To estimate the effective plastic moment capacity of the vaulted arches, Equation (2) was applied, based on the principle of virtual work. It should be noted that, unlike in homogeneous materials, this value is not a fixed property but depends on the thrust line and loading conditions; in this context it is used as a didactic measure to compare collapse mechanisms. The external work was obtained by estimating the weight of each individual block into which the arch was divided after collapse, together with the applied loads. The average specific weight of the arches was taken as 11.3 kN/m³. This value derives from the nominal density of the thin bricks (approximately 12 kN/m³), adjusted to account for their perforations, which remain unfilled during construction, and supplemented by the contribution of the gypsum joints. Although the gypsum paste has a higher density (approximately 16 kN/m³), its relative volume is small compared to that of the bricks, so the global density is necessarily lower than that of the solid brick material alone. The adopted value of 11.3 kN/m³ therefore represents a realistic gross density for the constructed arches. The weight of each gypsum sack was 0.17 kN, while that of the thermo-clay blocks was 0.09 kN.

In the Rhinoceros graphical interface, a small arbitrary rotation of one sexagesimal degree was imposed at a hinge assumed to remain fixed in position (i.e., without translational displacement). The positions of all blocks were then updated according to the kinematic compatibility of the assumed collapse mechanism. Each block was segmented into smaller parts, and the points of application of the resultant forces, both from self-weight and from the applied load, were determined for every segment as well as the corresponding displacements of these points. Figure 10a illustrates the segmentation of the pointed arch and the blocks that produced its collapse. Figure 10b displays the vertical displacements measured at each point of application of the loads of the catenary arch including the additional loads. The internal work was computed by measuring the rotation of each hinge, associated with the arbitrary rotation of one sexagesimal degree, in the Rhinoceros interface and multiplying it by the corresponding plastic moment capacity. Figure 10c shows the segmentation of the segmental arch; the areas measured for the estimation of self-weight loads and the rotations measured at each hinge.

Table 2. Measured variables and estimated parameters for the virtual work analysis of arch collapse.

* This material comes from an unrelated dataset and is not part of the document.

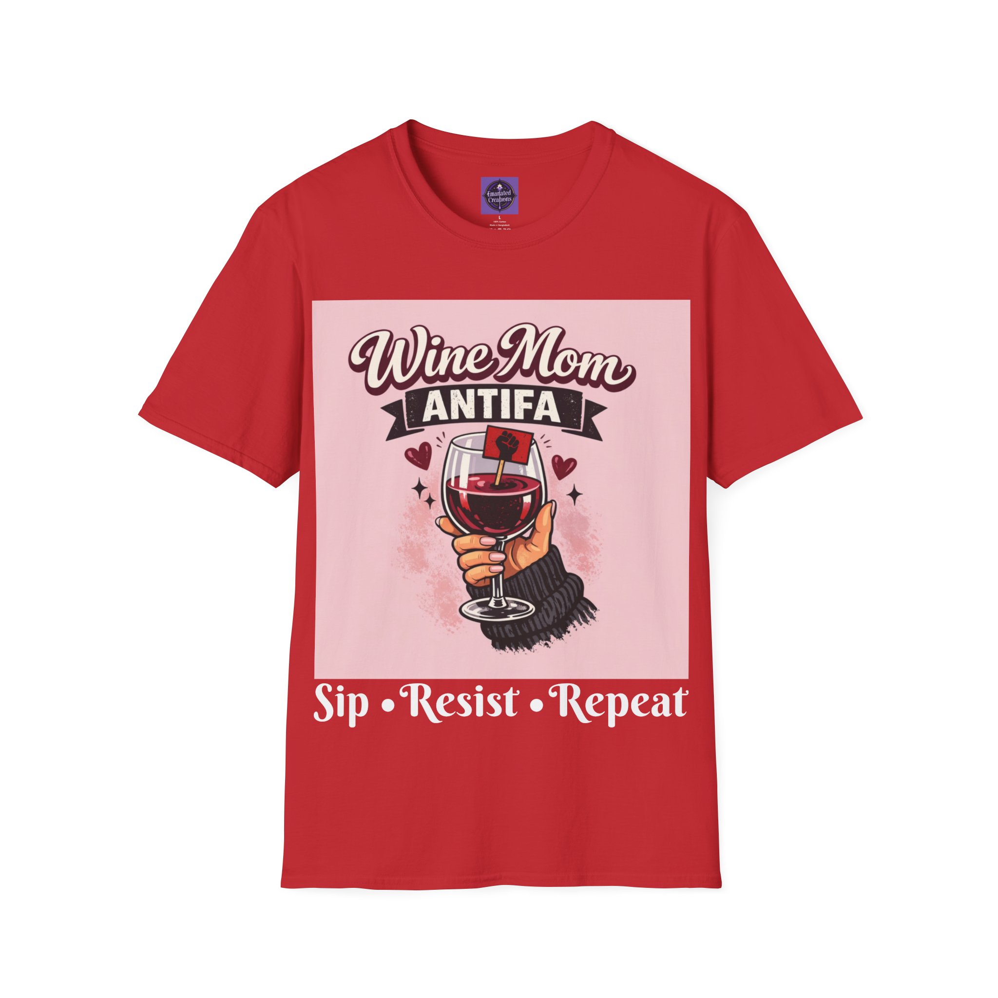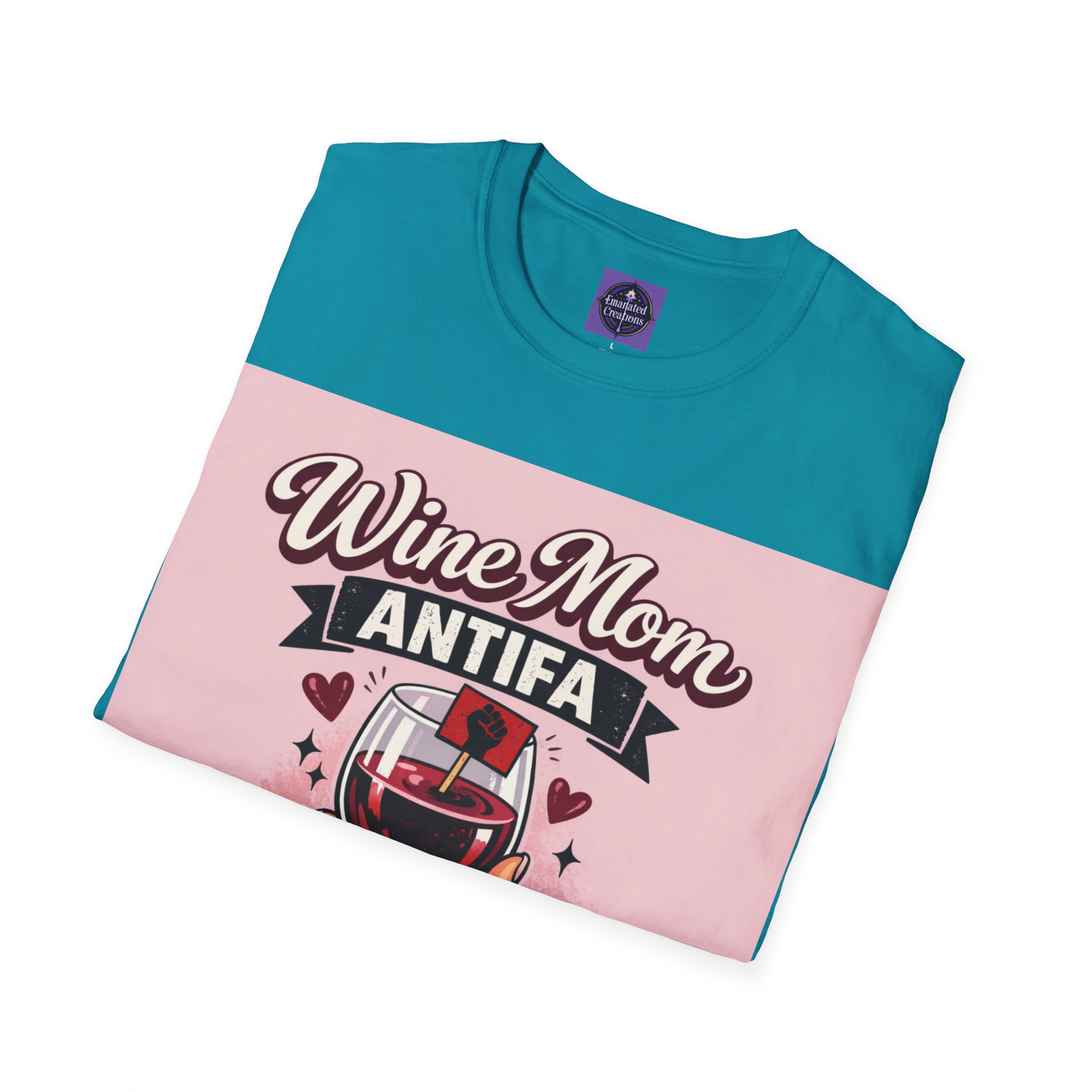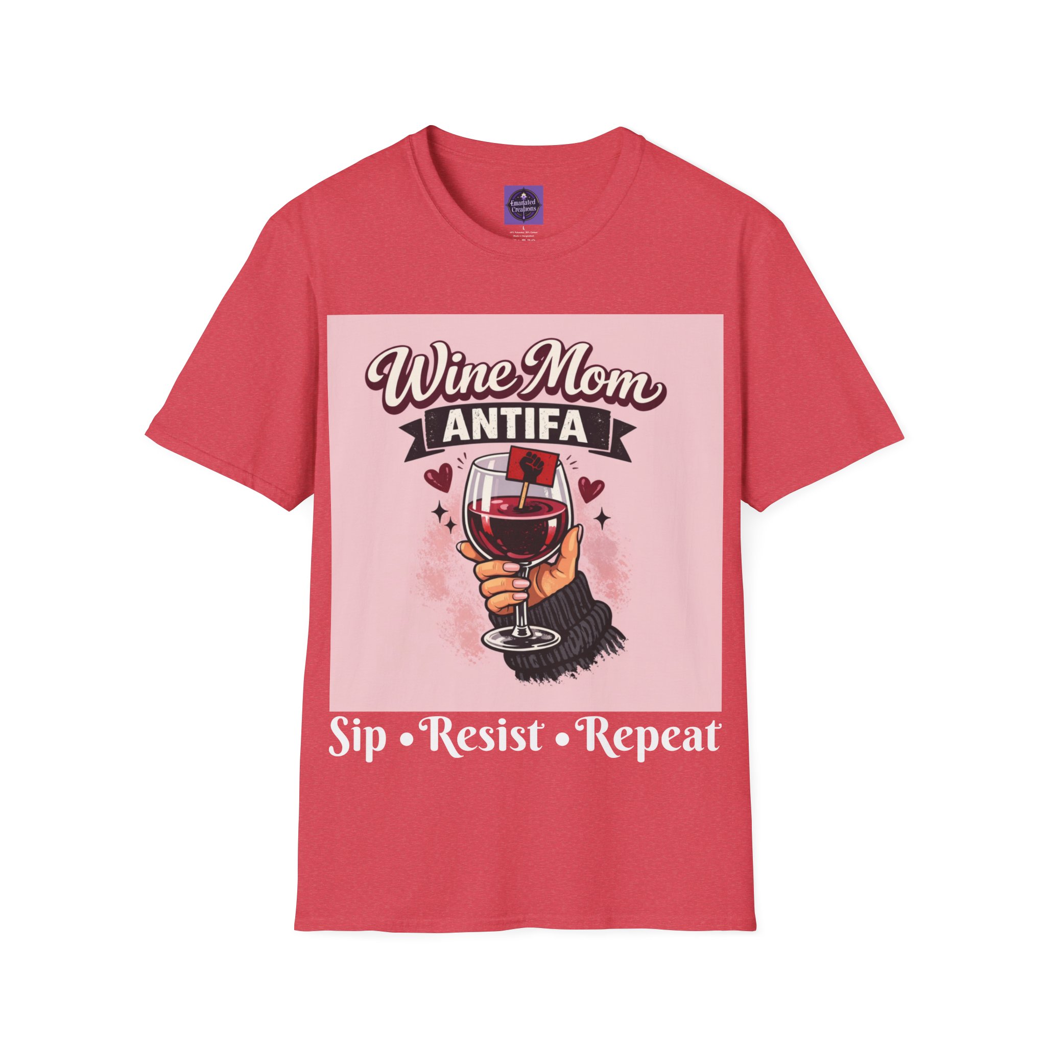 This cozy t-shirt wraps a bold, playful message in a soft, lived-in t-shirt. A hand holding a wine glass sits beneath retro lettering and a small antifascist emblem — a cheeky, defiant combination that reads like a wink shared between friends. Wear it on slow evenings with a glass in hand, to neighborhood meetups, or layered on cool mornings while you run errands. It looks at home at casual gatherings, community actions, or low-key nights in, giving comfort and a clear voice all at once.

Arch Type	Self-Weight (kN)	Additional Load (kN)	Estimated Mp (kN·m)
Segmental arch	0.295	0.340	0.01623
Catenary arch	0.327	0.510	0.01928
Pointed arch	0.331	0.271	0.00982

presents the values obtained from the collapse tests, which were used to determine the plastic moment capacity of each arch. The aim was not to compare the results across the different geometries, but rather to gain a broader understanding of their collapse mechanisms and the extent of their load-bearing capacity. From the estimated plastic moment capacities, two main conclusions can be drawn that are common to all three cases. First, the plastic moment capacity of the tested arches is remarkably low, particularly when compared with that of other structural materials such as steel or reinforced concrete. This observation reinforces one of Heyman’s fundamental assumptions for masonry analysis—namely, the negligible tensile strength of the material—which, although conservative from a safety perspective, appears to be a realistic representation of the actual behavior. Second, the gypsum paste prepared by the students was likely of non-professional quality. Nevertheless, the measured values can be regarded as a lower-bound estimate of the plastic moment capacity that might be expected in a traditional brick tile vault.

3.3. Construction of Vaulted Stairs

Building upon the experience gained from the construction and collapse testing of arches, predominantly two-dimensional structural systems, the next stage of the workshop involved the construction of vaulted staircases partially supported by a wall. This exercise draws on the same fundamental principle as the earliest Mesopotamian vaults, which were initiated directly from an existing wall. This activity allowed participants to apply the geometric and structural principles learned from the arches to a more complex, spatially three-dimensional configuration, thereby reinforcing the transfer of theoretical knowledge into practical design and construction skills. In addition, a static load test was conducted to verify the structure’s reasonable resistance. Load testing of the following structures should not be regarded as rigorous quantitative experiments but rather as empirical demonstrations of structural behavior, in the same spirit as the load tests historically conducted by Rafael Guastavino to validate his tile vaults [26].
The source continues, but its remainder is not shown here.